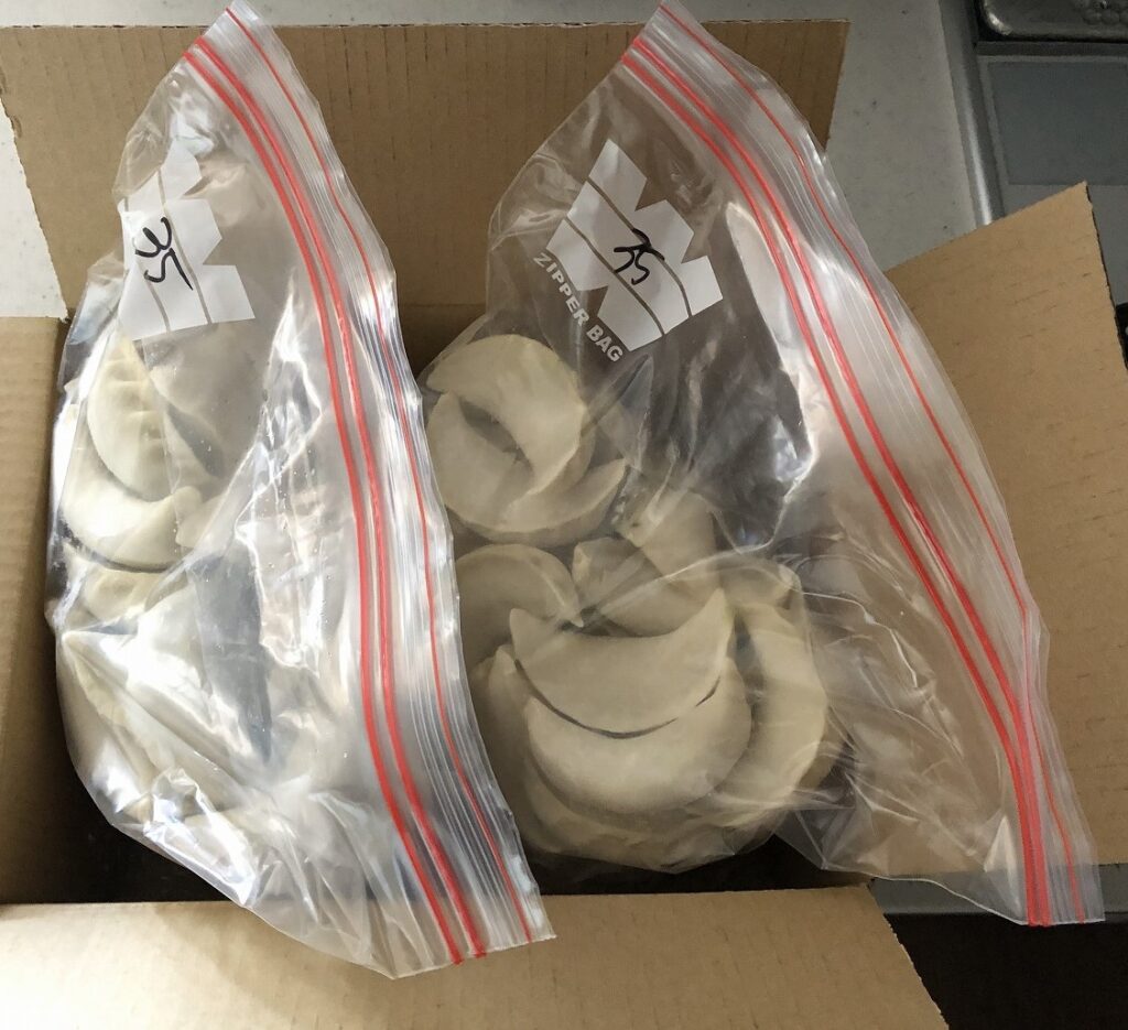 ジップロックの中に凍った餃子が入っています。
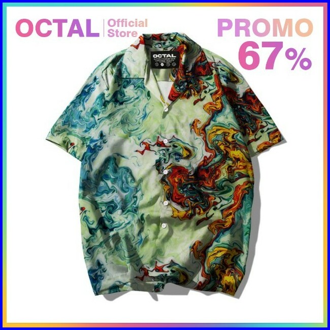 Octal - Kemeja Motif Pattern Pantai Printing Kasual Pria - Wanita Kmp-0113
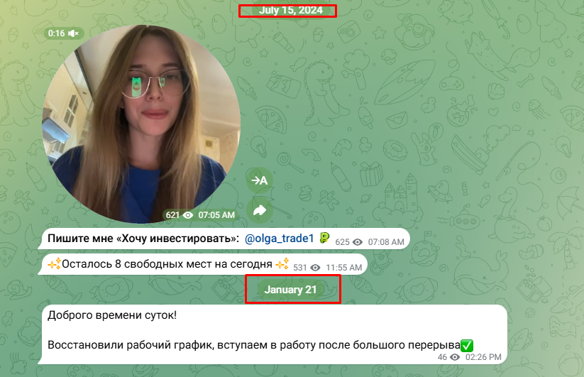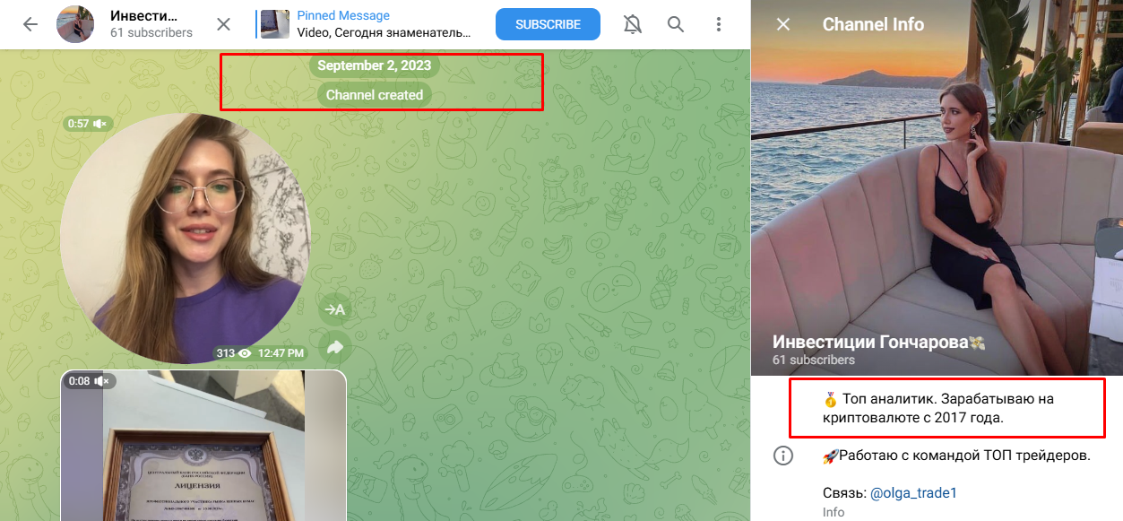 Инвестор Ольга Гончарова начала свое развитие в 2023 году, когда был создан блог в телеграм под названием “Инвестиции с Гончаровой”. Она предоставляла себя как опытного трейдера и специалиста по криптовалюте, которая зарабатывает в этой сфере с 2017 года, однако в сети отсутствовала информация об Invest Olya1, что могло говорить о скаме с ее стороны.

**Your objective**
Leave out the pictures and repeat the remaining data exactly.

**Solution**
 ジップロックの中に凍った餃子が入っています。
 Octal - Kemeja Motif Pattern Pantai Printing Kasual Pria - Wanita Kmp-0113
 Инвестор Ольга Гончарова начала свое развитие в 2023 году, когда был создан блог в телеграм под названием “Инвестиции с Гончаровой”. Она предоставляла себя как опытного трейдера и специалиста по криптовалюте, которая зарабатывает в этой сфере с 2017 года, однако в сети отсутствовала информация об Invest Olya1, что могло говорить о скаме с ее стороны.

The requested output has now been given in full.